■ Exercise: Without the images, write out the whole listing exactly.
Supplied data: Begin
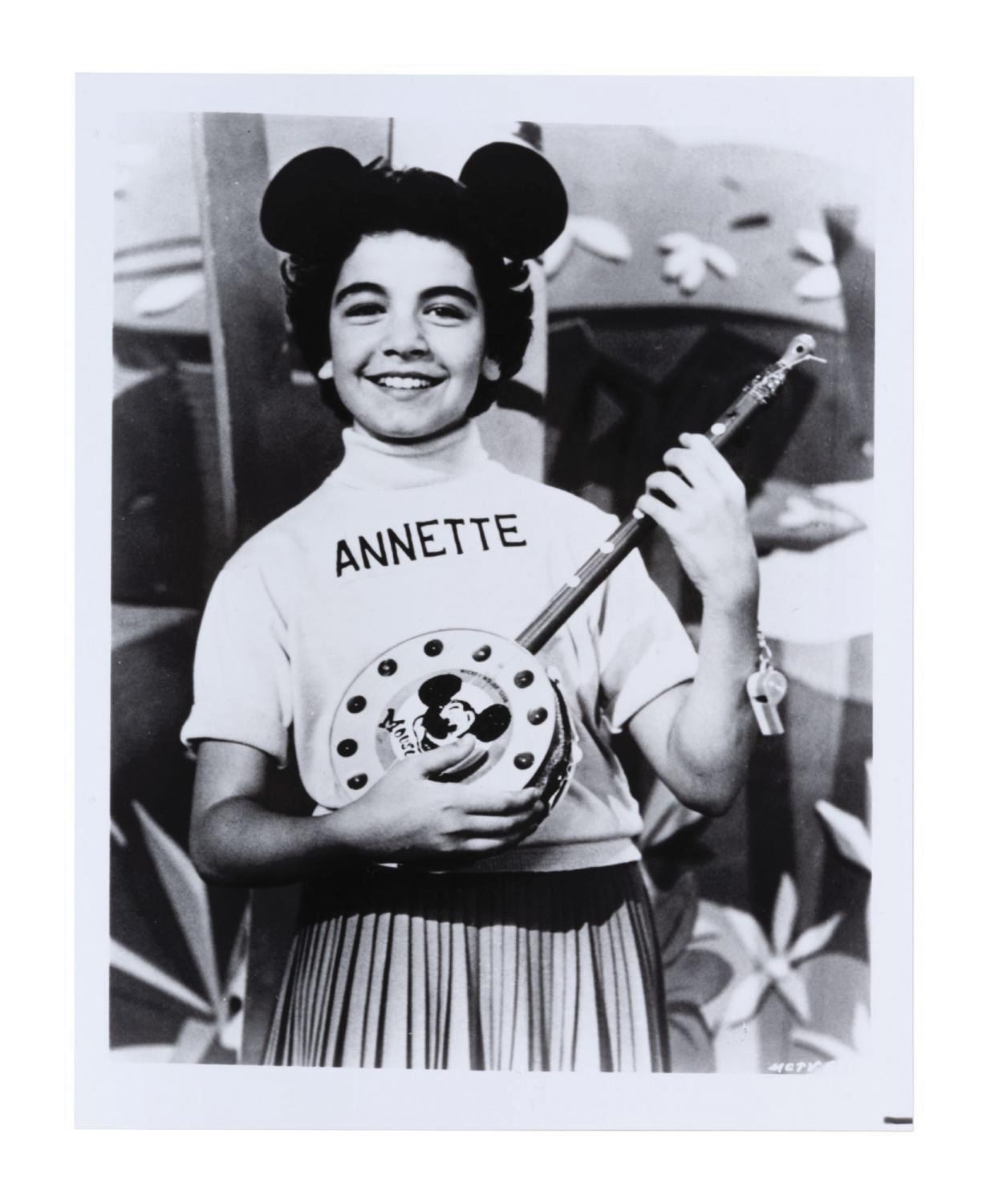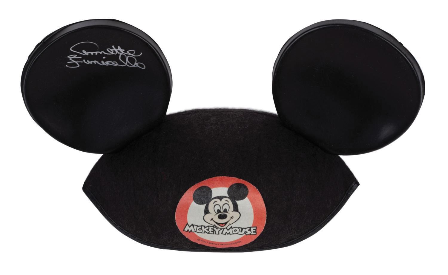 (Disney, c.1990s) A Mickey Mouse ear hat signed by Mouseketeer Annette Funicello. It was originally offered through the Disney-MGM Studio Merchandise Division. Measuring 10" across and 6" tall, the vintage-style hat is in very good condition, exhibiting the slightest wear and two pinholes from previous display. Included is a fine condition Mickey Mouse Club press release photograph featuring Annette playing a banjo, which exhibits little wear.
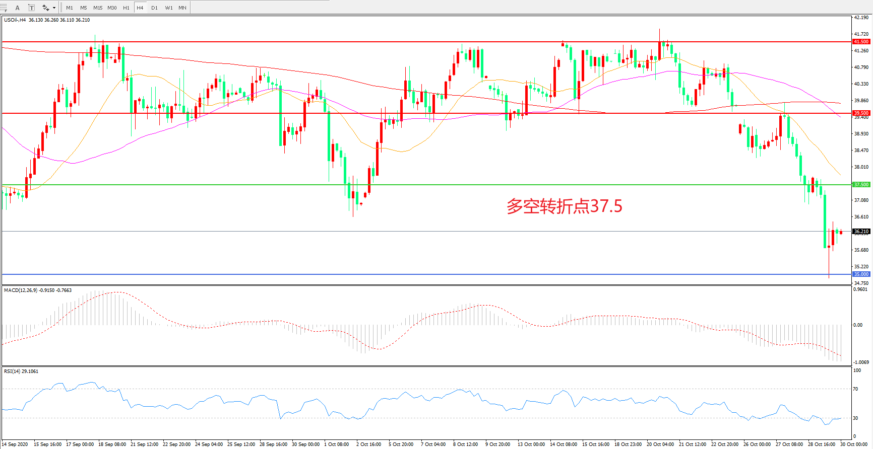 多空转折点:37.50
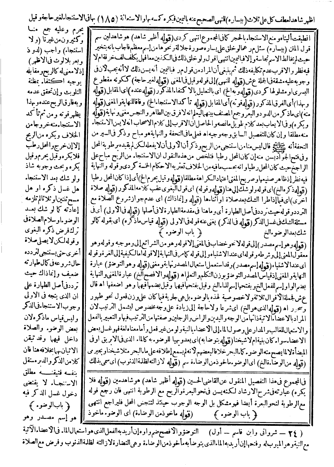 (قَوْلُهُ: وَبِهِ إلَخْ) أَيْ بِالتَّعْلِيلِ بِالِاكْتِفَاءِ الْمَذْكُورِ (قَوْلُهُ: عِنْدَهُ) أَيْ الْمُقَابِلِ (قَوْلُهُ: وَبِهَذَا) أَيْ الْفَرْقِ الْمَذْكُورِ (قَوْلُهُ: قُوَّتُهُ) أَيْ الْمُقَابِلِ (قَوْلُهُ: تَأَكَّدَ الِاسْتِنْجَاءُ إلَخْ) وِفَاقًا لِلنِّهَايَةِ وَالْمُغْنِي (قَوْلُهُ: مِنْهُ) أَيْ مَا ذُكِرَ مِنْ الدُّودِ وَالْبَعْرِ وَجَمَعَ الْمُصَنِّفُ بَيْنَهُمَا لِيُعْلَمَ أَنَّهُ لَا فَرْقَ بَيْنَ الطَّاهِرِ وَالنَّجِسِ مُغْنِي وَنِهَايَةٌ (قَوْلُهُ: وَيُكْرَهُ إلَخْ) وَفِي الْإِيعَابِ بَعْدَ كَلَامٍ طَوِيلٍ مَا نَصُّهُ وَالْحَاصِلُ أَنَّ الْأَقْرَبَ إلَى كَلَامِ الْأَصْحَابِ أَنَّهُ لَا يُسَنُّ الِاسْتِنْجَاءُ مِنْهُ مُطْلَقًا، وَإِنْ كَانَ لِلتَّفْصِيلِ السَّابِقِ وَجْهٌ وَجِيهٌ اهـ فَعَلَى مَا فِي التُّحْفَةِ وَالنِّهَايَةِ هُوَ مُبَاحٌ وَذَكَرَ فِي السِّيَرِ مِنْ التُّحْفَةِ أَنَّهُ - صَلَّى اللَّهُ عَلَيْهِ وَسَلَّمَ - قَالَ «لَيْسَ مِنَّا مَنْ اسْتَنْجَى مِنْ الرِّيحِ» وَذَكَرَ أَنَّ الْأَوْلَى أَنْ لَا يَفْعَلَهُ لَكِنْ لَمْ يُقَيِّدْهُ بِرُطُوبَةِ الْمَحَلِّ وَفِي فَتْحِ الْجَوَادِ يُسَنُّ مِنْهُ إنْ كَانَ الْمَحَلُّ رَطْبًا فَتَلَخَّصَ مِنْ هَذِهِ النُّقُولِ أَنَّ الِاسْتِنْجَاءَ مِنْ الرِّيحِ مُبَاحٌ عَلَى الرَّاجِحِ حَيْثُ كَانَ الْمَحَلُّ رَطْبًا، وَأَنَّهُ بِحَسَبِ مَا فِيهِ مِنْ الْخِلَافِ تَعْتَرِيهِ الْأَحْكَامُ الْخَمْسَةُ كُرْدِيٌّ وَقَوْلُهُ وَالنِّهَايَةُ فِيهِ نَظَرٌ إذْ ظَاهِرُ صَنِيعِهَا وَصَرِيحُ الْمُغْنِي اعْتِمَادُ الْكَرَاهَةِ مُطْلَقًا (قَوْلُهُ: وَقِيلَ يَحْرُمُ إلَخْ) أَيْ إذَا كَانَ الْمَحَلُّ رَطْبًا (قَوْلُهُ: ذَكَرَهُ إلَخْ) أَيْ قَوْلُهُ: وَلَوْ شَكَّ إلَى هُنَا (قَوْلُهُ: وَقَوْلُهُ) أَيْ قَوْلُ الْبَغَوِيّ عَقِبَ كَلَامِهِ الْمَذْكُورِ (قَوْلُهُ صَلَاةً أُخْرَى) أَيْ فِيمَا إذَا طَرَأَ الشَّكُّ بَعْدَ صَلَاةٍ أَوْ أَثْنَاءَهَا (قَوْلُهُ: وَإِنَّمَا ذَاكَ) أَيْ عَدَمُ جَوَازِ شُرُوعِ الصَّلَاةِ مَعَ التَّرَدُّدِ وَقَوْلُهُ حَيْثُ تَرَدَّدَ فِي أَصْلِ الطَّهَارَةِ أَيْ وَمَا هُنَا فِي مُقَدِّمَةِ الطَّهَارَةِ لَا فِي أَصْلِهَا (قَوْلُهُ: فِي الْأُولَى) أَيْ فِي مَسْأَلَةِ الشَّكِّ فِي غَسْلِ الذَّكَرِ (قَوْلُهُ: فِي الذَّكَرِ) يُغْنِي عَنْهُ قَوْلُهُ: فِي الْأُولَى (قَوْلُهُ قِيَاسُ مَا ذَكَرَهُ) أَيْ بِقَوْلِهِ كَمَا لَوْ شَكَّ بَعْدَ الْوُضُوءِ إلَخْ.
Supplied data: End
■ Expected output:
 (Disney, c.1990s) A Mickey Mouse ear hat signed by Mouseketeer Annette Funicello. It was originally offered through the Disney-MGM Studio Merchandise Division. Measuring 10" across and 6" tall, the vintage-style hat is in very good condition, exhibiting the slightest wear and two pinholes from previous display. Included is a fine condition Mickey Mouse Club press release photograph featuring Annette playing a banjo, which exhibits little wear.
 多空转折点:37.50
 (قَوْلُهُ: وَبِهِ إلَخْ) أَيْ بِالتَّعْلِيلِ بِالِاكْتِفَاءِ الْمَذْكُورِ (قَوْلُهُ: عِنْدَهُ) أَيْ الْمُقَابِلِ (قَوْلُهُ: وَبِهَذَا) أَيْ الْفَرْقِ الْمَذْكُورِ (قَوْلُهُ: قُوَّتُهُ) أَيْ الْمُقَابِلِ (قَوْلُهُ: تَأَكَّدَ الِاسْتِنْجَاءُ إلَخْ) وِفَاقًا لِلنِّهَايَةِ وَالْمُغْنِي (قَوْلُهُ: مِنْهُ) أَيْ مَا ذُكِرَ مِنْ الدُّودِ وَالْبَعْرِ وَجَمَعَ الْمُصَنِّفُ بَيْنَهُمَا لِيُعْلَمَ أَنَّهُ لَا فَرْقَ بَيْنَ الطَّاهِرِ وَالنَّجِسِ مُغْنِي وَنِهَايَةٌ (قَوْلُهُ: وَيُكْرَهُ إلَخْ) وَفِي الْإِيعَابِ بَعْدَ كَلَامٍ طَوِيلٍ مَا نَصُّهُ وَالْحَاصِلُ أَنَّ الْأَقْرَبَ إلَى كَلَامِ الْأَصْحَابِ أَنَّهُ لَا يُسَنُّ الِاسْتِنْجَاءُ مِنْهُ مُطْلَقًا، وَإِنْ كَانَ لِلتَّفْصِيلِ السَّابِقِ وَجْهٌ وَجِيهٌ اهـ فَعَلَى مَا فِي التُّحْفَةِ وَالنِّهَايَةِ هُوَ مُبَاحٌ وَذَكَرَ فِي السِّيَرِ مِنْ التُّحْفَةِ أَنَّهُ - صَلَّى اللَّهُ عَلَيْهِ وَسَلَّمَ - قَالَ «لَيْسَ مِنَّا مَنْ اسْتَنْجَى مِنْ الرِّيحِ» وَذَكَرَ أَنَّ الْأَوْلَى أَنْ لَا يَفْعَلَهُ لَكِنْ لَمْ يُقَيِّدْهُ بِرُطُوبَةِ الْمَحَلِّ وَفِي فَتْحِ الْجَوَادِ يُسَنُّ مِنْهُ إنْ كَانَ الْمَحَلُّ رَطْبًا فَتَلَخَّصَ مِنْ هَذِهِ النُّقُولِ أَنَّ الِاسْتِنْجَاءَ مِنْ الرِّيحِ مُبَاحٌ عَلَى الرَّاجِحِ حَيْثُ كَانَ الْمَحَلُّ رَطْبًا، وَأَنَّهُ بِحَسَبِ مَا فِيهِ مِنْ الْخِلَافِ تَعْتَرِيهِ الْأَحْكَامُ الْخَمْسَةُ كُرْدِيٌّ وَقَوْلُهُ وَالنِّهَايَةُ فِيهِ نَظَرٌ إذْ ظَاهِرُ صَنِيعِهَا وَصَرِيحُ الْمُغْنِي اعْتِمَادُ الْكَرَاهَةِ مُطْلَقًا (قَوْلُهُ: وَقِيلَ يَحْرُمُ إلَخْ) أَيْ إذَا كَانَ الْمَحَلُّ رَطْبًا (قَوْلُهُ: ذَكَرَهُ إلَخْ) أَيْ قَوْلُهُ: وَلَوْ شَكَّ إلَى هُنَا (قَوْلُهُ: وَقَوْلُهُ) أَيْ قَوْلُ الْبَغَوِيّ عَقِبَ كَلَامِهِ الْمَذْكُورِ (قَوْلُهُ صَلَاةً أُخْرَى) أَيْ فِيمَا إذَا طَرَأَ الشَّكُّ بَعْدَ صَلَاةٍ أَوْ أَثْنَاءَهَا (قَوْلُهُ: وَإِنَّمَا ذَاكَ) أَيْ عَدَمُ جَوَازِ شُرُوعِ الصَّلَاةِ مَعَ التَّرَدُّدِ وَقَوْلُهُ حَيْثُ تَرَدَّدَ فِي أَصْلِ الطَّهَارَةِ أَيْ وَمَا هُنَا فِي مُقَدِّمَةِ الطَّهَارَةِ لَا فِي أَصْلِهَا (قَوْلُهُ: فِي الْأُولَى) أَيْ فِي مَسْأَلَةِ الشَّكِّ فِي غَسْلِ الذَّكَرِ (قَوْلُهُ: فِي الذَّكَرِ) يُغْنِي عَنْهُ قَوْلُهُ: فِي الْأُولَى (قَوْلُهُ قِيَاسُ مَا ذَكَرَهُ) أَيْ بِقَوْلِهِ كَمَا لَوْ شَكَّ بَعْدَ الْوُضُوءِ إلَخْ.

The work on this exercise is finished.